Yeah they are off the hook...def on my list of wanted herps


----------



## Waterrat (Sep 30, 2010)

Ugly, neotenic looking troglodytes somewhat resembling fat pink garden worms. :shock:


----------



## CarpetPythons.com.au (Sep 30, 2010)

Waterrat: Are you not supposed to be mingling with the foreigners?


----------



## cmclean (Sep 30, 2010)

They are owned by Piet Nuijten from Holland, these are his project animals.


----------



## ezekiel86 (Sep 30, 2010)

Waterrat said:


> Ugly, neotenic looking troglodytes somewhat resembling fat pink garden worms. :shock:


 
God M that one cracked me up big time...have not hurd the good old troglodytes for ages hahaha 10points lol


----------



## Scleropages (Sep 30, 2010)

Waterrat said:


> Ugly, neotenic looking troglodytes somewhat resembling fat pink garden worms. :shock:


 
hahahah!


----------



## 1issie (Sep 30, 2010)

Waterrat said:


> Ugly, neotenic looking troglodytes somewhat resembling fat pink garden worms. :shock:



Hahahaha,i wouldn't mind one.


----------



## VeLLiKi (Sep 30, 2010)

My 2 cents...

NUYTEN REPTILES


----------



## byron_moses (Sep 30, 2010)

yeah im not to much of a fan would prefer a nice pair of calicos


----------



## pythonmum (Sep 30, 2010)

Interesting site. My favourite is the red BHP in one of his photos with several morphs. The albino bodies are lovely, but the head is disconcerting. I personally prefer the hypos/golds being developed here, but that's probably because I'm used to the normal form.


----------



## ANT22 (Sep 30, 2010)

thanks for all the replies guys. byron_moses would you happen to have any photos of a calico?


----------



## blakehose (Sep 30, 2010)

They really don't take my fancy... I agree with Byron!


----------



## bigi (Sep 30, 2010)

here Ant22 check them out here
[*no links please to non-sponsors*]
or Den has a site also,
Den Pythons-Specialising in Black Headed Pythons
without a doubt the two best breeders of BHP's in Aus


----------



## Darlyn (Sep 30, 2010)

Not my cup of tea : ?


----------



## PimmsPythons (Oct 1, 2010)

love em.i'll take a pair,but not this season.still to expensive for me.


----------



## reptilian1924 (Oct 1, 2010)

l personally don't like the look of these Black-Headed Pythons with a white head and pink eyes, to me they look like they have had their head dipped into white paint and their eyes painted pink, l myself would much prefer the calicos or those from Northwest Queensland, that have plenty of red and orange and yellow in their complexion.

So who on earth would want to pay $10-000 or more for a Black-Headed Python with a whyte head and pink eyes not me no-way, each and everyone to their own for what they want or pay for out of their own pocket


----------



## deebo (Oct 1, 2010)

I know I would part with large sums of money for one.....I would like to see an albino BHP that would normally have the bold black stripe running downs its back - reckon that could look cool.

Gimme, gimme, gimme!


----------



## smeejason (Oct 1, 2010)

Would have one in a flash.. would also meen i would have a second ex wife if i parted with 10k for a snake


----------



## yommy (Oct 1, 2010)

smeejason said:


> Would have one in a flash.. would also meen i would have a second ex wife if i parted with 10k for a snake


 
Plenty of wives in the sea, not many Albino BHP's. 

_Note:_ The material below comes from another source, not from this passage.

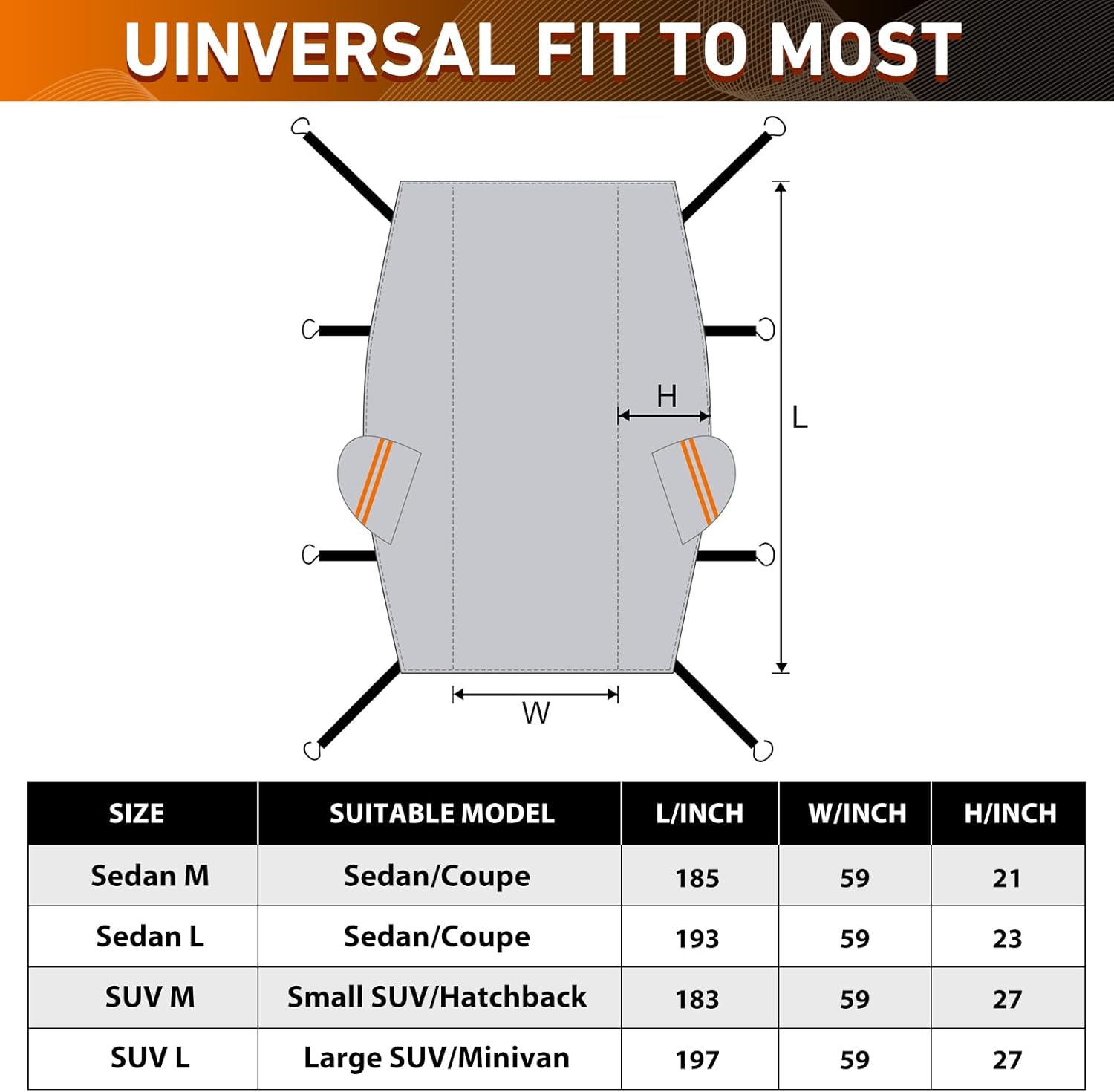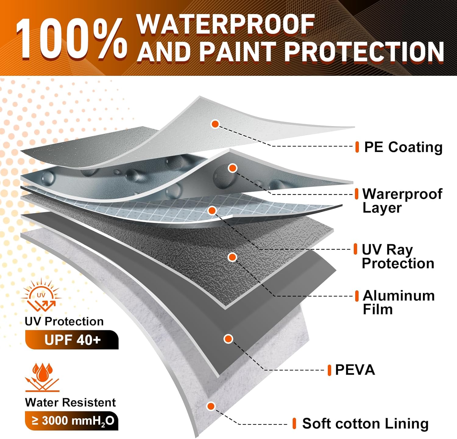 【Durable Waterproof Fabric with Paint-Safe Lining】Built with a high-strength, waterproof, and scratch-resistant outer shell that stands up to daily outdoor exposure. Inside, a soft cotton lining gently contacts your paint and glass, preventing scuffs and swirl marks while adding an extra layer of protection where it matters most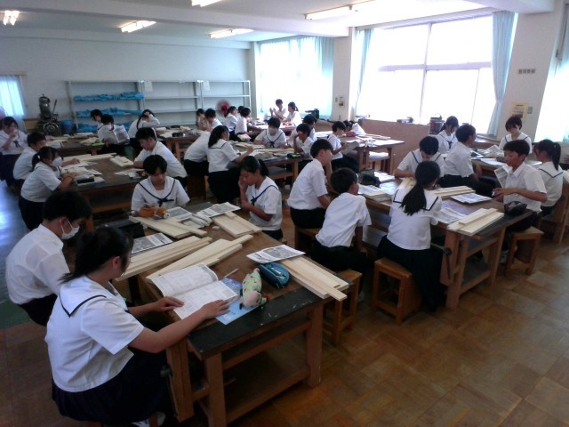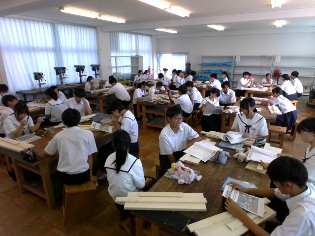技術・家庭科(技術分野)では、材料と加工の技術を学習しています。今日は材料を確認したり、「けがき」について学習したりしました。いよいよ製作が始まります。生徒たちは楽しみなようです。

A healthy breeding pair of those would take away the sadness of having to find number 3


----------



## pythons73 (Oct 2, 2010)

yommy said:


> Plenty of wives in the sea, not many Albino BHP's.
> 
> A healthy breeding pair of those would take away the sadness of having to find number 3


 + in a few years time,they would pay for themselfs...the longer u have wife,there more dollars they spend...lol....the more years u have with these,ur bank balance will increase..IMO there may be a few of these around here within a few years....


----------



## BARRAMUNDI (Oct 2, 2010)

Albino BHPS, puts the shizzle on my wizzle........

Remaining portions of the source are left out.